This next week I’m teaching on the toxic topic of fear. I’ve been thinking a lot about my own fears. Most of my fears include the issue of pain – I don’t want to feel pain. It’s not fun. When I feel pain I tend to go into self -preservation mode. That’s led me to think about what it means to  self-preserve.

I must confess over the last several years  I have  been an on and off again  self-preserver.

Fear makes us  (me) wiggle when God has us (me) dangling. And isn’t that exactly what we see in Genesis 12:10-13?

“Now there was a famine in the land, and Abram went down to Egypt to live there for a while because the famine was severe. As he was about to enter Egypt, he said to his wife Sarai, “I know what a beautiful woman you are. When the Egyptians see you, they will say, ‘This is his wife.’ Then they will kill me but will let you live. Say you are my sister, so that I will be treated well for your sake and my life will be spared because of you.”

Got to love that man self-preserving. Self-preservation. It happens. We see it when fear strikes. What if I loss my job, or how will this impact the kids, or what about my house, or what if it takes my life, or what if my daughter gets hit by a car, or what if … Fear paralyzes us and we make moves to get away from it, solve it.

We wiggle.   We ignore, hide, and go inward. We put our heads in the sand and hope it goes away. We take up alliances … usually with those who can win or benefit us the most. We become less vulnerable, less willing to share our inner selves with others. We become suspicious and distrust others. We set up rules. We become controlling. We …

We do this because we want all things to be good and wonderful. We don’t like to encounter difficulty, pain, suffering or discomfort. It’s not fun. I know I don’t like it. It’s hard … and I’m not a fan of hard.

I wonder if self-preservation is a natural response … a God-given way to protect ourselves? Or, is it part of the fall … a way I respond that’s not of God at all?

This is an important distinction because it lets me know if I need to embrace it (if it’s healthy) … or if I need to fight it (if it’s destructive).

I was at lunch with Sally (not her real name) recently. Sally is wise. We talked extensively about how we Christians respond to difficulty by self-preservation. I asked if she thought it was a God-given thing or a part of the fall. She immediately responded, “Oh no, it’s part of our fallen state.”

cliffhangingShe gave this analogy. “There are times in life when we find ourselves dangling over a cliff. Our tendency is to try to get away from the fear, pain, suffering or discomfort … to self-preserve.” Sally knows this all too well; she’s had a year plus of dangling. She continued. “The point is, when we self-preserve, we’re trying to get back on land. So, we try to rescue ourselves. But God wants us to wait on Him to rescue us. He’s our rescuer. When we try to do it ourselves, we are playing God.”

Now … don’t just move past that last part so quickly. Read it again. When we try to rescue ourselves, we are playing God.

Carolyn Custis James, a wise-woman and author of When Life and Beliefs Collide, said something very similar to me. “Jackie, when you are in pain, you want to remove yourself from it. But, if you will allow yourself to sit in it, you will find yourself asking questions you never would have asked before – questions God wants asked.”

Now … don’t pass over that so quickly either. If you allow yourself to sit in pain, you will find yourself asking questions … questions God wants asked.

That means encountering pain, allowing it, moving into it. Who does that? Fear of pain makes me self-preserve not move into it!

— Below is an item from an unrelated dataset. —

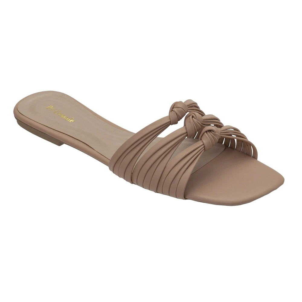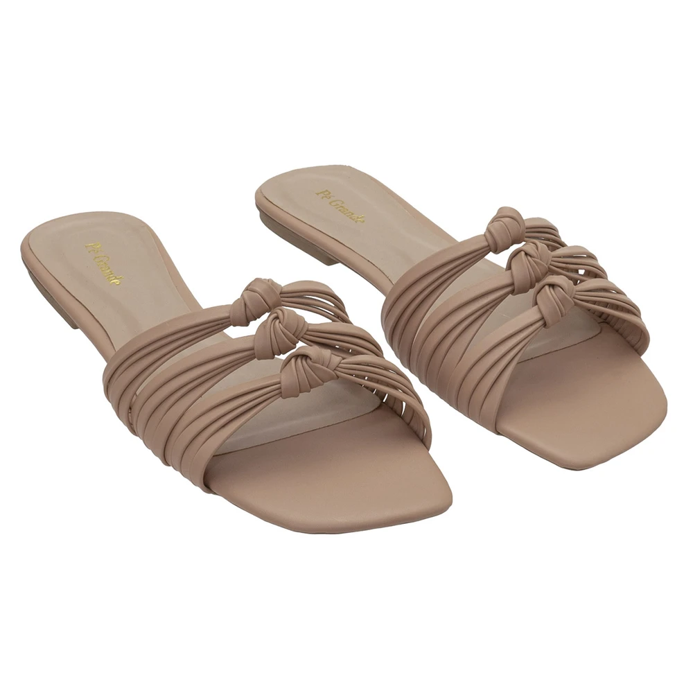 Rasteira em couro ecológico com solado em borracha antiderrapante.

I wonder if our self-preservation is a more serious offense than we realize. I mean, God calls us to a serious kind of love with him and each other. Just consider how we violate this when we go into self-preservation mode. Just consider what we miss.

Surely when I fear pain and start wiggling (taking it into my own hands) I am saying to God, “I don’t trust you.” “I don’t trust you can or will handle this.” “I don’t trust you have my best interest in mind.” “I think I can do this better than you can.” It’s an ugly thing to say to our Creator isn’t it? Yet, I do it. I don’t want to but sometimes I do.

Perhaps you find yourself dangling over a cliff and you’re wiggling – trying to get yourself “back on land.” Might I suggest you take a moment and breath in God’s Word. Let is soothe your anxious soul. Let him speak words of assurance and comfort in the this time of fear.

He said to his disciples, “Why are you so afraid? Do you still have no faith?” Have I not commanded you? Be strong and courageous. Do not be afraid; do not be discouraged, for the Lord your God will be with you wherever you go.”

 

When I am afraid, I put my trust in you. In God, whose word I praise—in God I trust and am not afraid. (TRUST WHAT) (Character of our Lord) vWhat can mere mortals do to me?

 

Have I not commanded you? Be strong and courageous. Do not be terrified; do not be discouraged; for the LORD your God will be with you wherever you go. 

 

I sought the Lord and He answered me; he delivered me from all my fears.